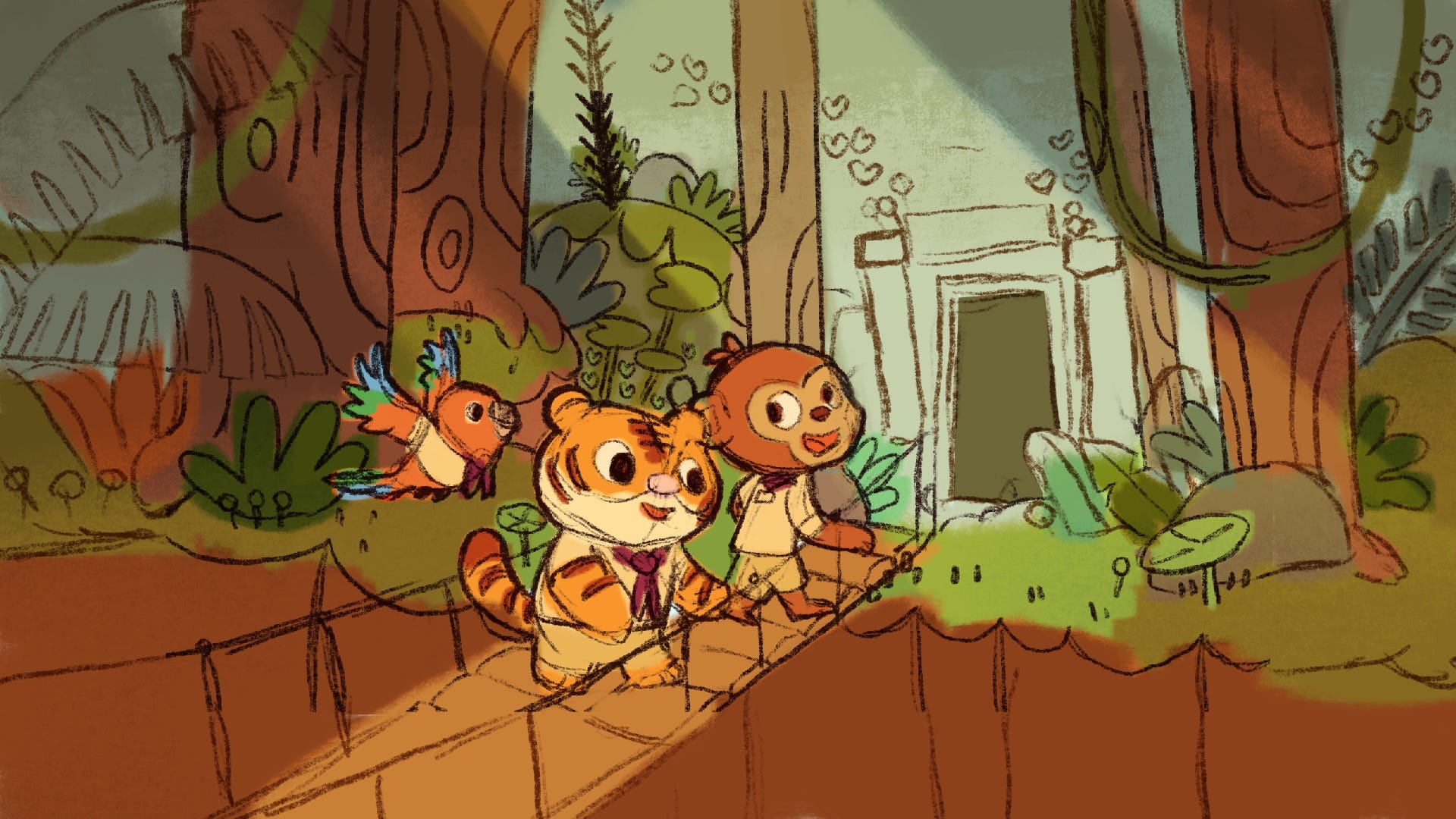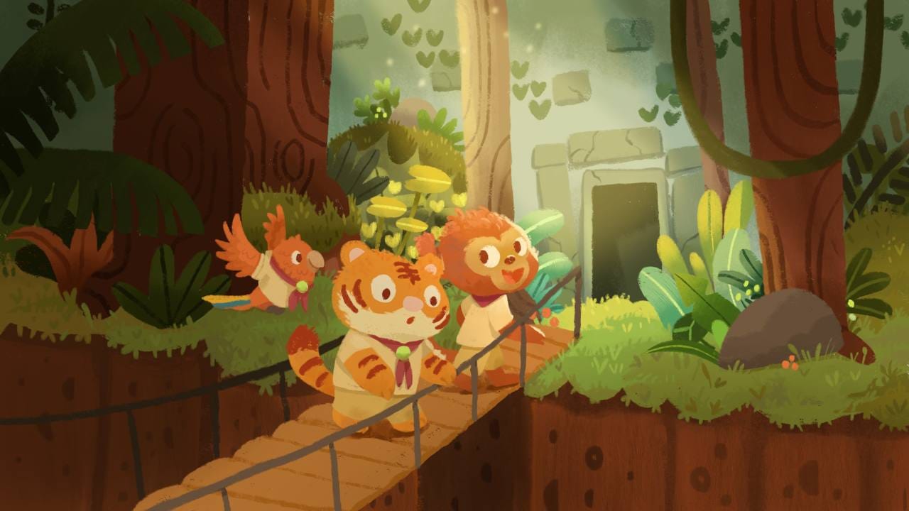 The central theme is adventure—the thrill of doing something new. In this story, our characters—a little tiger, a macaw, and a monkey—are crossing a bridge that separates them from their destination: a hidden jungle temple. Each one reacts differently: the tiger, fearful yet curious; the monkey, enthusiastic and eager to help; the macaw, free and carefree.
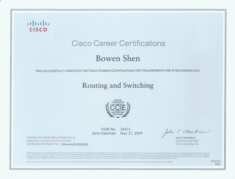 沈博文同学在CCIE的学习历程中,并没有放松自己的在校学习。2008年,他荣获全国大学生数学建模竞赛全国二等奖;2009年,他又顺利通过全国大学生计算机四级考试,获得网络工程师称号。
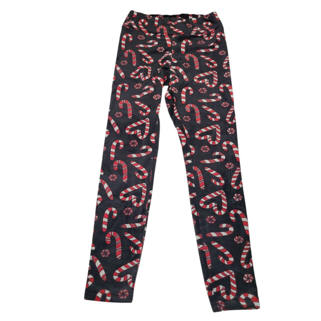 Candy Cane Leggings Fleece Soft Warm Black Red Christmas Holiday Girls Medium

....................

From the first line to the last, copy the listing above exactly, dropping all images.

WORKED SOLUTION:
 The central theme is adventure—the thrill of doing something new. In this story, our characters—a little tiger, a macaw, and a monkey—are crossing a bridge that separates them from their destination: a hidden jungle temple. Each one reacts differently: the tiger, fearful yet curious; the monkey, enthusiastic and eager to help; the macaw, free and carefree.
 沈博文同学在CCIE的学习历程中,并没有放松自己的在校学习。2008年,他荣获全国大学生数学建模竞赛全国二等奖;2009年,他又顺利通过全国大学生计算机四级考试,获得网络工程师称号。
 Candy Cane Leggings Fleece Soft Warm Black Red Christmas Holiday Girls Medium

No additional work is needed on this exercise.